Постбиполярная модель международных отношений в этом смысле мало чем отличается от предшествующих – происходит новое перераспределение сил между государствами и их союзами, развертывается новый этап борьбы за то, кто задает основные параметры развития. В конкуренции между ведущими субъектами мировой политики большую роль играют общественные представления о невероятно и приемлемом, о традициях и «новой норме», о случайном и закономерном, о субъективном и объективном. С учетом небывалого уровня развития современных технологий как никогда сильно искушение использовать их для влияния на массовое сознание.

Выше перечислены некоторые события, которые перешли из разряда маловероятных в разряд новой реальности. Можно предположить, что в состоянии такого перехода находятся ряд других исторических процессов, например, перерастание противоречий из-за Тайваня в эвентуальную войну между Китаем и США2. Все менее фантастической представляется вероятность использования ядерного оружия в том или ином конфликте в обозримом будущем. Из области фантастики в реальную плоскость переходят вопросы независимости Шотландии и Каталонии, военного столкновения Греции и Турции.
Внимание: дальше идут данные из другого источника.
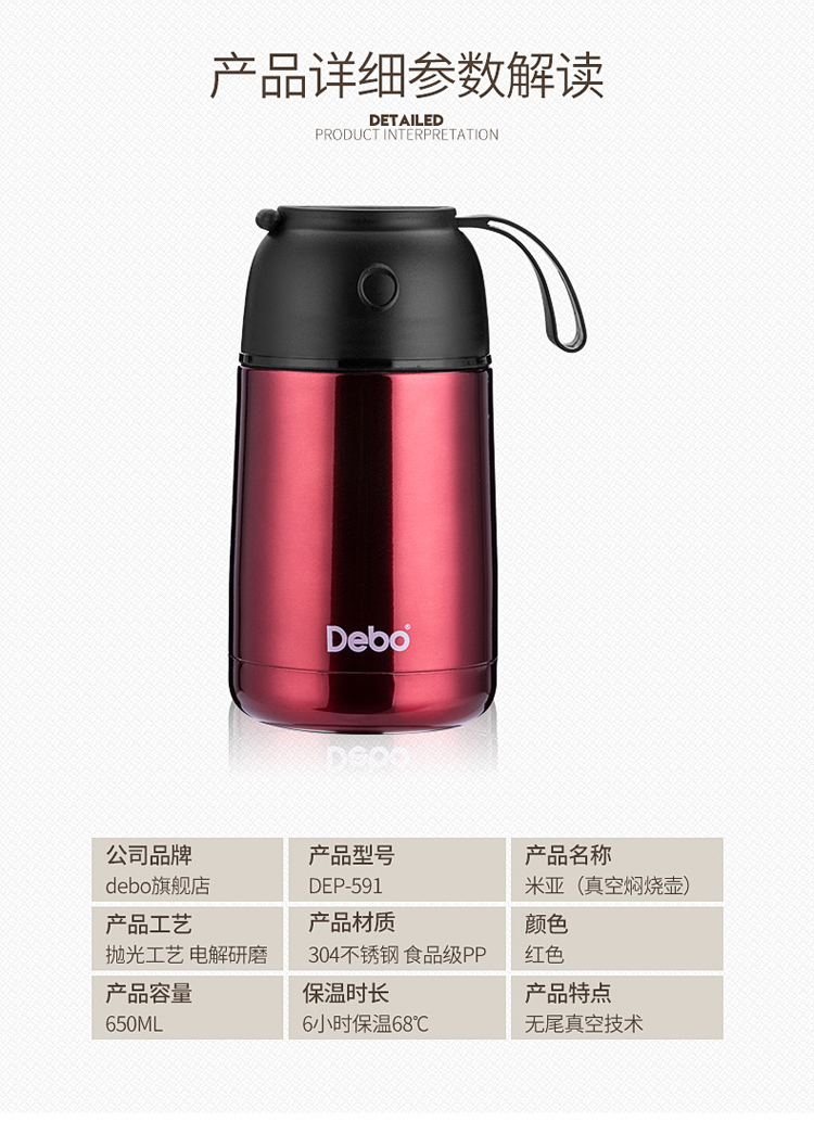 德国Debo德铂米亚304不锈钢保温真空焖烧壶

Новыми встрясками для человечества грозят техногенные и климатические катаклизмы, которые невозможно спрогнозировать, но которые практически неизбежны, как и новые пандемии. Можно даже сказать, что они запрограммированы самим ходом истории.

Некоторые характеристики Глобального мира

Для более точного определения того, что является вымыслом, а что новой реальностью, разберемся более подробно в ключевых характеристиках современного этапа международных отношений. Распространенными терминами в последние годы стали деглобализация, фрагментация, локализация, регионализация. Действительно, мир, если и не разваливается на части, то претерпевает серьезные структурные изменения. Их не надо абсолютизировать, но и не стоит принижать значение. Уже достаточно давно мы является свидетелями и участниками «великого передела» международных отношений. Его вполне адекватно отписывает концепция полицентризма.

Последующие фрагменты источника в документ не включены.